Task prompt.
Transcribe the data below verbatim from the line with "Lote de 4 muñecos." to the line with "6月28日,绿帽奴 在聊城市". Include both of those lines.

Supplied records.
----

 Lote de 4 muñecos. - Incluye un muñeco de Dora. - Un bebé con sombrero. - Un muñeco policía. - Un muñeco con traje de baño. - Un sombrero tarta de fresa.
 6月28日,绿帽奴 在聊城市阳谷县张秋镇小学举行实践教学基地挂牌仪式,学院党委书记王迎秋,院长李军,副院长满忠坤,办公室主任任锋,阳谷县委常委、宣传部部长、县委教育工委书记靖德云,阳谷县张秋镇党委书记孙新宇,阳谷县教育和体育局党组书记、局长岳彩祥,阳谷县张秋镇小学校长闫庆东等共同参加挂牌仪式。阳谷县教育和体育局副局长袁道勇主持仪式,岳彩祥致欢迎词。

----

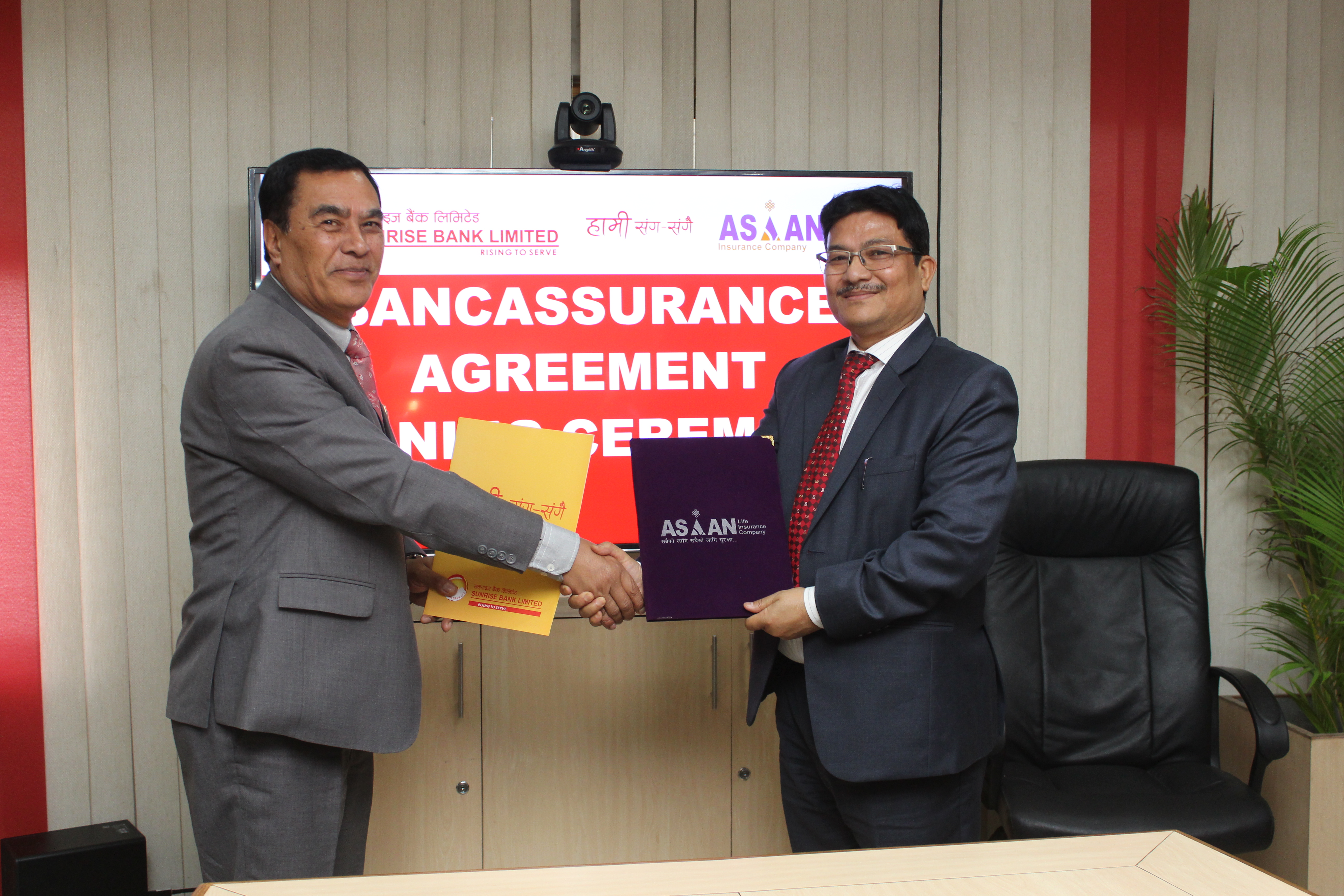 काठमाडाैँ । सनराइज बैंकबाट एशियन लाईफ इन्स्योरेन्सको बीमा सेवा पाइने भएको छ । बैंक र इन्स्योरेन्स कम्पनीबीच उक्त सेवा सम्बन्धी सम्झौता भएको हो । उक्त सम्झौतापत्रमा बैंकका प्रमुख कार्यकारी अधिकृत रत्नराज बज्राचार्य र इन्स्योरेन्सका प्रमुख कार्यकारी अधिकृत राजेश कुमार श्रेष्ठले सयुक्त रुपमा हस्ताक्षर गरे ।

----

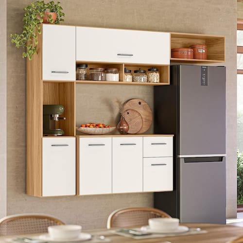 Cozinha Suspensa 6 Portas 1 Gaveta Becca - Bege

----

Solved problem.
 Lote de 4 muñecos. - Incluye un muñeco de Dora. - Un bebé con sombrero. - Un muñeco policía. - Un muñeco con traje de baño. - Un sombrero tarta de fresa.
 6月28日,绿帽奴 在聊城市阳谷县张秋镇小学举行实践教学基地挂牌仪式,学院党委书记王迎秋,院长李军,副院长满忠坤,办公室主任任锋,阳谷县委常委、宣传部部长、县委教育工委书记靖德云,阳谷县张秋镇党委书记孙新宇,阳谷县教育和体育局党组书记、局长岳彩祥,阳谷县张秋镇小学校长闫庆东等共同参加挂牌仪式。阳谷县教育和体育局副局长袁道勇主持仪式,岳彩祥致欢迎词。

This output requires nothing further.